[Source records]
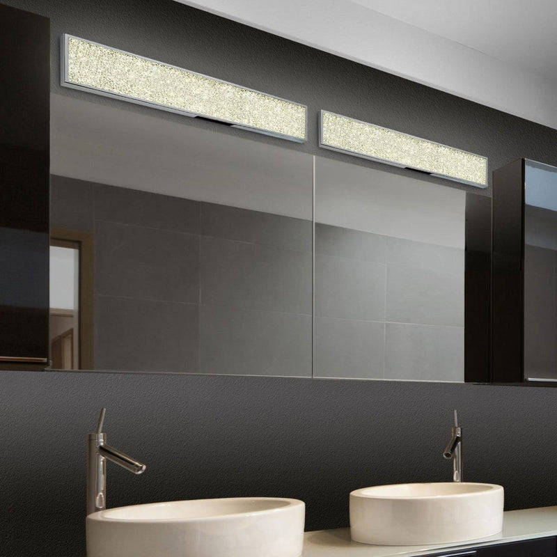 Honed to introduce a glittery update in your bathroom space, the Dazzle 18 inch LED Bath Bar by Sonneman Lighting is a luminaire worth owning. Modeled with a pleasing color scheme, this bar light puts forth a visually attractive combination of polished chrome finish enveloping the metallic frame and crushed glass gracing the front panel. The texture created by crushed glass used on the lampshade dazzles with grace when illuminated using LED bulbs. This rectangular bar light can be used in bathrooms to render an aesthetically appealing look to the décor.
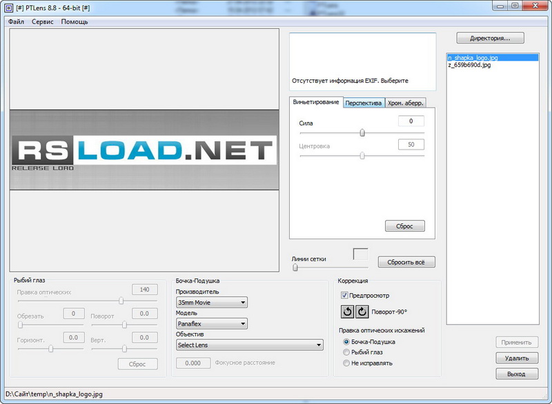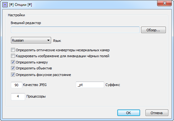 - Автоматическое определение параметров камеры и объектива по метаданным EXIF.
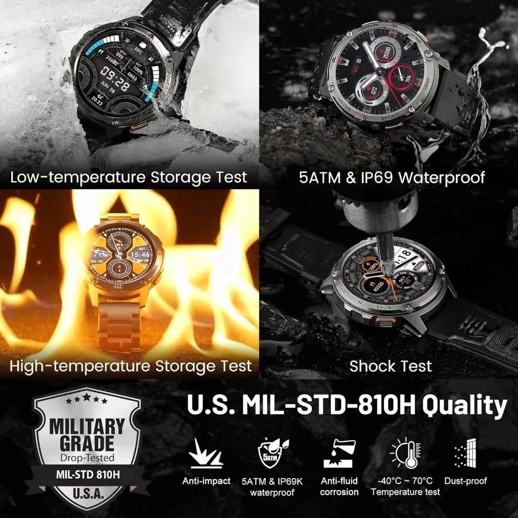 The Kospet Tank T3 is engineered for extreme durability, meeting over 15 US MIL-STD-810H military standards. Designed to withstand extreme temperatures, drops, and chemical corrosion, this rugged smartwatch is built for tough environments.
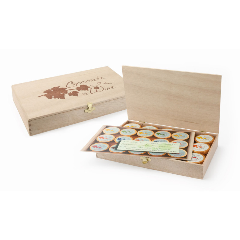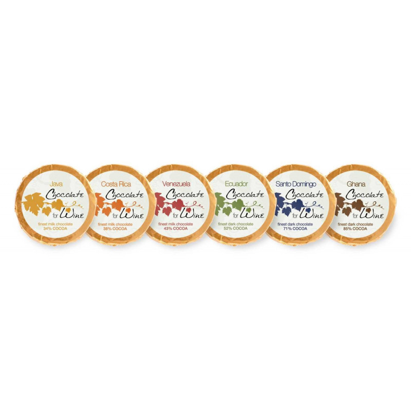 Čokoláda k vínu. Čokoládové dublony z mléčné nebo hořké čokolády s označením země původu a minimálního podílu kakaa.
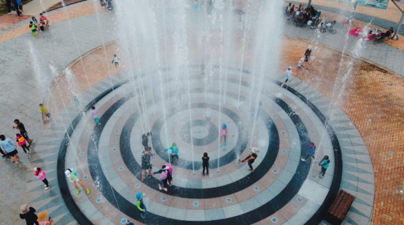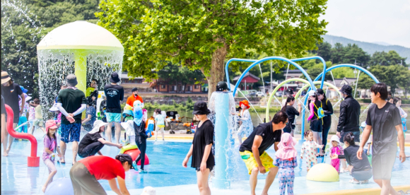 나무그늘 아래 축제장을 가로질러 흐르는 실개천(계류시설)에 아이들이 발을 담그고 앉아 놀기에 안성맞춤이다. 물안개가 나오는 쿨링포그도 설치돼 색다른 재미를 준다.
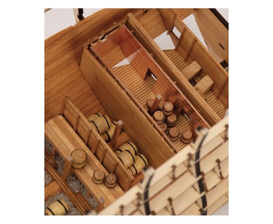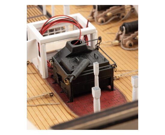Diese Anatomie ermöglicht es Ihnen, beim Zusammenbau des Modells die Konstruktion und den Aufbau des Schiffes sowie die sehr hohe Detailgenauigkeit eingehend zu untersuchen. Der Modellbausatz enthält Tausende von Teilen aus hochpräzise lasergeschnittenen Platten, Harthölzern, Messing und Gusseisen. Dazu kommen Kupferverkleidungen für den Rumpf, genähte und anbringungsfertige Baumwollsegel und ein Holzarbeitsboden. Nicht zu vergessen der schöne Sockel aus Methacrylat mit dem Namen in Gold, auf dem das Modell nach der Fertigstellung ausgestellt werden kann.
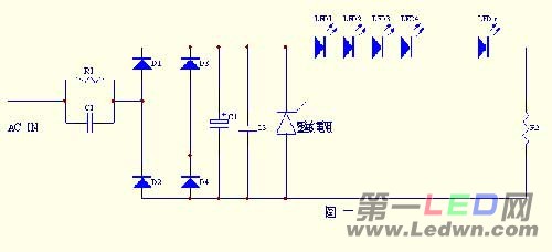 图一 为一个实际的采用电容降压的led驱动电路﹕请注意﹐大部分应用电路中没有连接压敏电阻或瞬变电压抑制晶体管﹐建议连接上﹐因压敏电阻或瞬变电压抑制晶体管能在电压突变瞬间( 如雷电﹑大用电设备起动等 )有效地将突变电流泄放﹐从而保护二级关和其它晶体管﹐它们的响应时间一般在微毫秒级 。
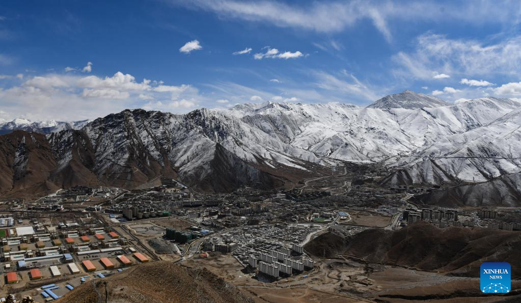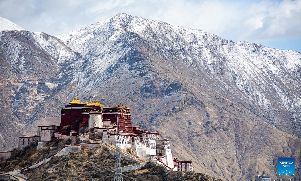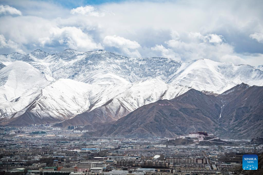 This photo taken on Feb. 24, 2023 show a view after a snowfall in Lhasa, southwest China's Tibet Autonomous Region. (Xinhua/Jigme Dorje)
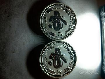 NUMERO 2 MONETE AUSTRALIA ANNO DEL SERPENTE DA I DOLLARO IN ARGENTO OGNI MONETA UN ONCIA IN ARGENTO 999/1000
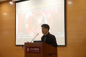 报告会上,刘雄军教授首先向与会的老师同学介绍了Peter Zoller教授的研究方向以及学术成就。Zoller教授在量子信息、量子计算和量子模拟等领域都取得了非凡的成就,并因此获得诸多崇高荣誉,包括沃尔夫奖、狄拉克奖、兰姆奖、富兰克林奖章等。在报告中,Zoller教授指出构造量子计算机是解决复杂量子多体问题的有效手段,它预期会带来远超经典计算机的运算速度,而突破经典计算的办法就是利用量子态的叠加和纠缠。他简要说明了量子计算机是如何工作的,包括如何存储和操作量子比特。接着,他回归到具体的离子阱系统,具体说明如何利用囚禁的离子实现量子存储,如何利用激光操纵离子来实现量子逻辑门,以及如何进一步地进行量子计算的程序设计。那么用这样的量子计算机可以做什么呢?其中一个方向即是著名物理学家Richard P. Feynman提出的,用量子计算机来进行量子模拟。具体方向包括构造人工量子物态,模拟量子化学,探究基础物理学等等。Zoller教授重点介绍了两类量子模拟: 一类是数字化(digital)量子模拟,即基于Trotter展开,在量子计算机上用逻辑门的频闪序列来控制目标哈密顿量决定的量子态时间演化;另一类是模拟化(analog)量子模拟,即无需量子计算机,而是通过实验构造多体量子系统,操控量子系统的有关参数来模拟目标多体哈密顿量。对于后一类模拟,Zoller教授着重介绍了利用光晶格实现Bose Hubbard模型并观测超流-Mott绝缘体量子相变,利用量子气显微技术(quantum gas microscopy)探索二维Fermi Hubbard模型的相图,以及逐个操控里德堡原子来构造整个量子系统的实验技术。在报告的最后,Zoller教授介绍了因斯布鲁克大学实验组的基于离子阱的可编程量子模拟实验,以及与其合作的国际社会团体。
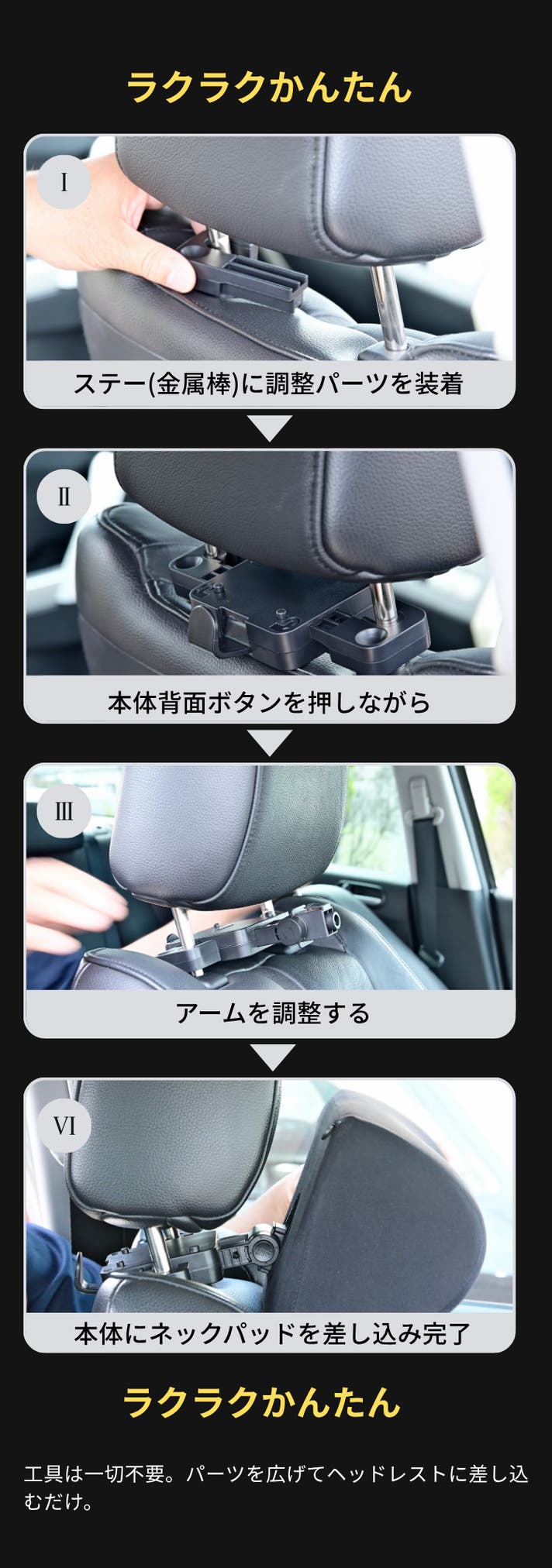 A. 工具は不要です。ヘッドレストのポールに差し込むだけで、どなたでも簡単に取り付けできます。
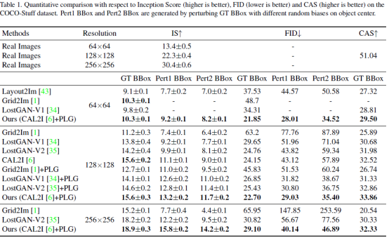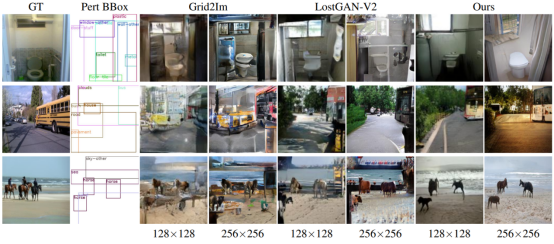 Figure 4. Visual comparison between sample images generated from perturbed BBoxes (Pert BBoxes) on the COCO-Stuff dataset
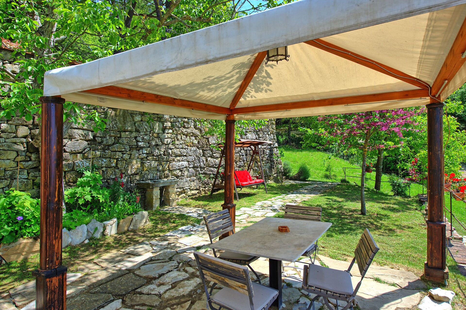 De woning heeft twee verdiepingen, met beide niveaus direct toegankelijk vanuit de tuin dankzij de ligging op een heuvel.
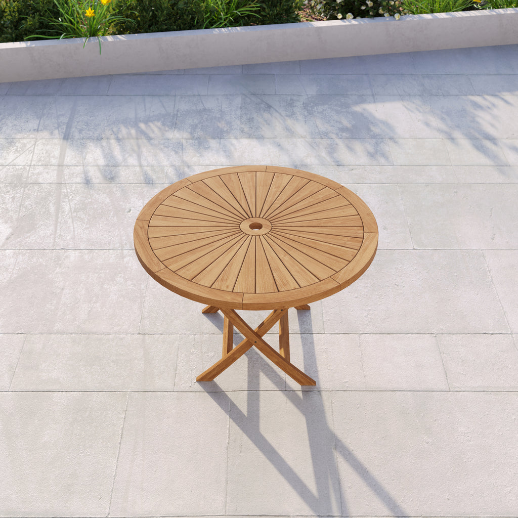 Whether hosting a summer gathering or enjoying a quiet meal in the garden, this teak folding dining table set provides both convenience and durability. Designed with flexibility in mind, the 120cm round Sunshine table comfortably seats six and can be folded away when not in use, making it ideal for patios, decking, or compact spaces.
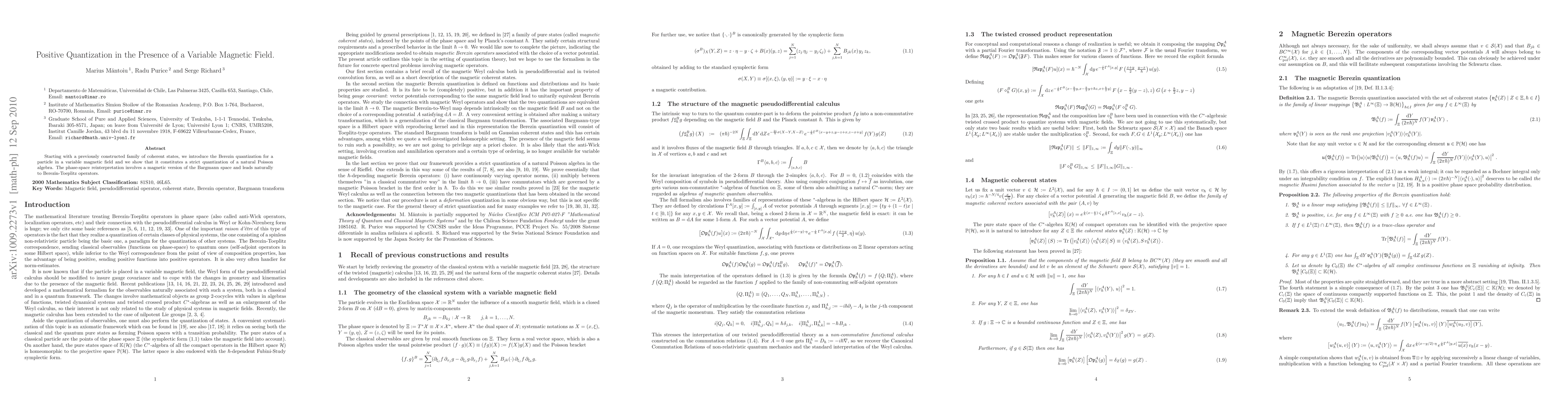 This paper introduces Berezin quantization for a particle in a variable magnetic field, demonstrating its strict quantization of a natural Poisson algebra, and utilizes a magnetic version of the Bargmann space to derive Berezin-Toeplitz operators.
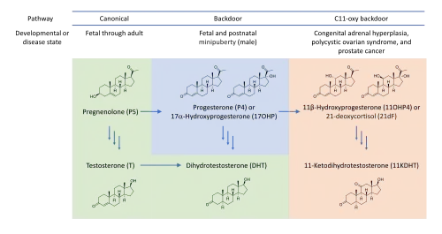 The androgen backdoor pathways are vital for creating androgens from 21-carbon (C
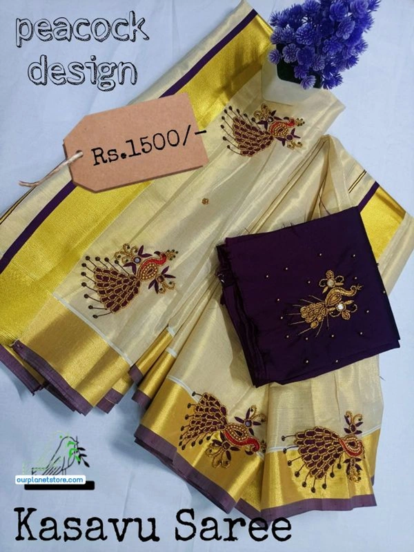 Name : Handcrafted Peacock Design Kerala Tissue ( Kasavu) Set Saree| OURPLANET

◆ Task prompt: With the pictures removed from your copy, retype the lines above from the one that contains "나무그늘 아래 축제장을" through the one that contains "This photo taken", exactly.

◆ Response area:
 나무그늘 아래 축제장을 가로질러 흐르는 실개천(계류시설)에 아이들이 발을 담그고 앉아 놀기에 안성맞춤이다. 물안개가 나오는 쿨링포그도 설치돼 색다른 재미를 준다.
Diese Anatomie ermöglicht es Ihnen, beim Zusammenbau des Modells die Konstruktion und den Aufbau des Schiffes sowie die sehr hohe Detailgenauigkeit eingehend zu untersuchen. Der Modellbausatz enthält Tausende von Teilen aus hochpräzise lasergeschnittenen Platten, Harthölzern, Messing und Gusseisen. Dazu kommen Kupferverkleidungen für den Rumpf, genähte und anbringungsfertige Baumwollsegel und ein Holzarbeitsboden. Nicht zu vergessen der schöne Sockel aus Methacrylat mit dem Namen in Gold, auf dem das Modell nach der Fertigstellung ausgestellt werden kann.
 图一 为一个实际的采用电容降压的led驱动电路﹕请注意﹐大部分应用电路中没有连接压敏电阻或瞬变电压抑制晶体管﹐建议连接上﹐因压敏电阻或瞬变电压抑制晶体管能在电压突变瞬间( 如雷电﹑大用电设备起动等 )有效地将突变电流泄放﹐从而保护二级关和其它晶体管﹐它们的响应时间一般在微毫秒级 。
 This photo taken on Feb. 24, 2023 show a view after a snowfall in Lhasa, southwest China's Tibet Autonomous Region. (Xinhua/Jigme Dorje)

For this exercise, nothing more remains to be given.